A National Security Strategy That Doesn’t Focus on Threats

From "Containment" to "Sustainment"...

May 3, 2011 | Source: The New York Times | by JIM DWYER

Here’s a proposition: The death of Osama bin Laden brings a moment to talk about something other than threats — not because they don’t exist, but because for the country to see and speak of nothing else is mortally dangerous.

Col. Mark Mykleby, a senior advisor on strategy to the chairman of the Joint Chiefs of Staff, and Capt. Wayne Porter of the Navy wrote a paper calling on the United States to focus on social policies, education and sustainability.

So listen for a moment to two military strategists, working at the highest level of government, as they turn to the subject of leaky air-conditioners in government buildings in New York. “Poorly fitted air-conditioners cost New York City 130 to 180 million dollars a year in extra energy consumption,” one of the strategists, Capt. Wayne Porter of the Navy, said Tuesday. “They generate 370,525 extra tons of carbon dioxide.”

Suppose, he says, you fixed them. And then you got the 40 states that waste the most electricity to match the 10 most efficient. The likely benefits are no surprise — less foreign oil, cost savings, job creation, decreased pollution.

Now follow that thread to “A National Strategic Narrative,” a paper written by Captain Porter and Col. Mark Mykleby of the Marines, which calls on the United States to see that it cannot continue to engage the world primarily with military force, but must do so as a nation powered by the strength of its educational system, social policies, international development and diplomacy, and its commitment to sustainable practices in energy and agriculture.

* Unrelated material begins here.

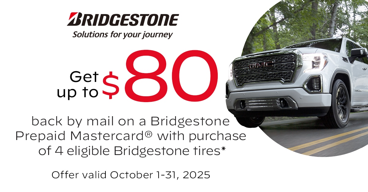 When you purchase a set of four Bridgestone Alenza tires you may be eligible to receive $80 back by mail on a Bridgestone Prepaid Mastercard®. Receive a $70 Bridgestone Prepaid Mastercard when you purchase a set of four Bridgestone DriveGuard, Dueler, Ecopia, Potenza, Turanza or WeatherPeak tires. Offer valid on qualifying tires purchased from Tire Rack’s in-stock inventory between 12:00 a.m. EDT October 1, 2025 and 11:59 p.m. EDT October 31, 2025.

“We must recognize that security means more than defense,” they write. After ending the 20th century as the world’s most powerful country, “we failed to recognize that dominance, like fossil fuel, is not a sustainable form of energy.”

The two officers each have more than 20 years of service, and now work as special strategic assistants to Adm. Mike Mullen, the chairman of the Joint Chiefs of Staff. Their paper, which is not an official policy document, was published last month by the Woodrow Wilson International Center for Scholars in Washington, and is available on the center’s Web site, wilsoncenter.org.

The killing of Bin Laden demonstrated a commitment to justice, Captain Porter said. “It was also a cathartic event for thousands of people around the world who have lost relatives to this sociopath,” he said. Yet both officers cautioned that the death of one man could easily be overestimated.

“When Saddam Hussein was discovered in his spider hole, everyone thought, ‘Hallelujah, the war is over,’ and it was really just beginning,” Colonel Mykleby said Tuesday by phone from his home in South Carolina. “The big, bad daddies, taking them out — it’s not the answer. It’s part of it. The job is not done yet. There are still bad guys who are out there, and it’s going to be part of the fabric of our world. This is a critical moment to talk about a narrative that isn’t just focused on threats.”

In their paper, the officers argue that the United States has to move from “containment” — the foreign policy established after World War II to limit the expansion and influence of the Soviet Union — to what they call “sustainment” or sustainability.

The first priority, they write, should be “intellectual capital and a sustainable infrastructure of education, health and social services to provide for the continuing development and growth of America’s youth.” They go on to say that the country’s security may require “a hard look at the distribution of our treasure,” arguing that the historic focus on defense and protectionism has meant the neglect of international development and diplomacy. And with technology piercing the isolation of nations, they write that the United States has a stake in helping countries held down by illiteracy and poverty.

Finally, they write, the world population is projected to reach nine billion by midcentury and the country must face the demands for water, food, land and energy.

Colonel Mykleby said, “I was at the Kansas City Chamber of Commerce, and said, ‘It’s a strategic liability to keep subsidizing our agribusiness model the way it is for any number of reasons — the decay of our soil, the health of our citizens, because our food is not healthy any more, etc., etc.’ ”

“Remarkably, it was very well received in the middle of corn country.”

Well before Bin Laden was killed, much of what he stood for had withered in the Arab-North Africa spring, Colonel Mykleby said. Grass-roots movements in Egypt and Tunisia made the case that they did not have to choose between police-state autocracies and seventh-century theocracies. The revolutionaries showed the power of nonmilitary strength and created a world of possibilities. It amounted to a rejection of the fundamentalists.

“Those are the values that caused them to attack New York,” Captain Porter said. “New York represents so much more than revenge, which is what you would have gotten somewhere else in the world, maybe. New York represents hope and modernity. It represents promise.”